# [Problem details]
From the data that follows, print exactly the lines starting at the one containing "Cepík v Norské školce." and ending at the one containing "Тутурская сельская комсомольская"; include both of them and nothing more.

# [Data listing]
= Beginning of Section =

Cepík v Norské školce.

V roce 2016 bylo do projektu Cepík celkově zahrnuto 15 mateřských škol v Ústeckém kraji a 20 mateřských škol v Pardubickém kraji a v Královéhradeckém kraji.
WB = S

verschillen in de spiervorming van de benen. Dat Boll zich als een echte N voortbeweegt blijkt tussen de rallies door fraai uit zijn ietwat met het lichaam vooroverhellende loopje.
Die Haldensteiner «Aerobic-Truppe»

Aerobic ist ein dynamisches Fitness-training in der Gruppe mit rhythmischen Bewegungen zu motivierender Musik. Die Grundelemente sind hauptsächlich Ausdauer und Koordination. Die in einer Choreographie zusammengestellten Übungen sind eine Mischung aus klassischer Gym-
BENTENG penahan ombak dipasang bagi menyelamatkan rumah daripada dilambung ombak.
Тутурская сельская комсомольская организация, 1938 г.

= End of Section =
= Beginning of Section =

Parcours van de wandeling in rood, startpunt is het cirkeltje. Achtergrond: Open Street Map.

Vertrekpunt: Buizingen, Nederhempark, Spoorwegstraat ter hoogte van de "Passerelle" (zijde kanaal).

= End of Section =
= Beginning of Section =

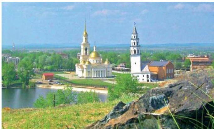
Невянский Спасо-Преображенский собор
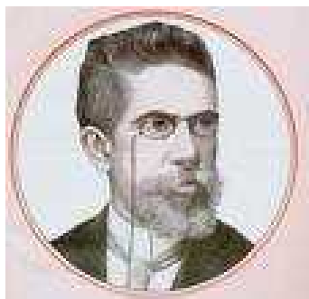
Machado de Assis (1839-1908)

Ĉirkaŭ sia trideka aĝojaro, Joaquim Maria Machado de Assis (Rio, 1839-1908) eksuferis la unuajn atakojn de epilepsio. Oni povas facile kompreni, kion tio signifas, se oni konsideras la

= End of Section =

# [Response for this exercise]
Cepík v Norské školce.

V roce 2016 bylo do projektu Cepík celkově zahrnuto 15 mateřských škol v Ústeckém kraji a 20 mateřských škol v Pardubickém kraji a v Královéhradeckém kraji.
WB = S

verschillen in de spiervorming van de benen. Dat Boll zich als een echte N voortbeweegt blijkt tussen de rallies door fraai uit zijn ietwat met het lichaam vooroverhellende loopje.
Die Haldensteiner «Aerobic-Truppe»

Aerobic ist ein dynamisches Fitness-training in der Gruppe mit rhythmischen Bewegungen zu motivierender Musik. Die Grundelemente sind hauptsächlich Ausdauer und Koordination. Die in einer Choreographie zusammengestellten Übungen sind eine Mischung aus klassischer Gym-
BENTENG penahan ombak dipasang bagi menyelamatkan rumah daripada dilambung ombak.
Тутурская сельская комсомольская организация, 1938 г.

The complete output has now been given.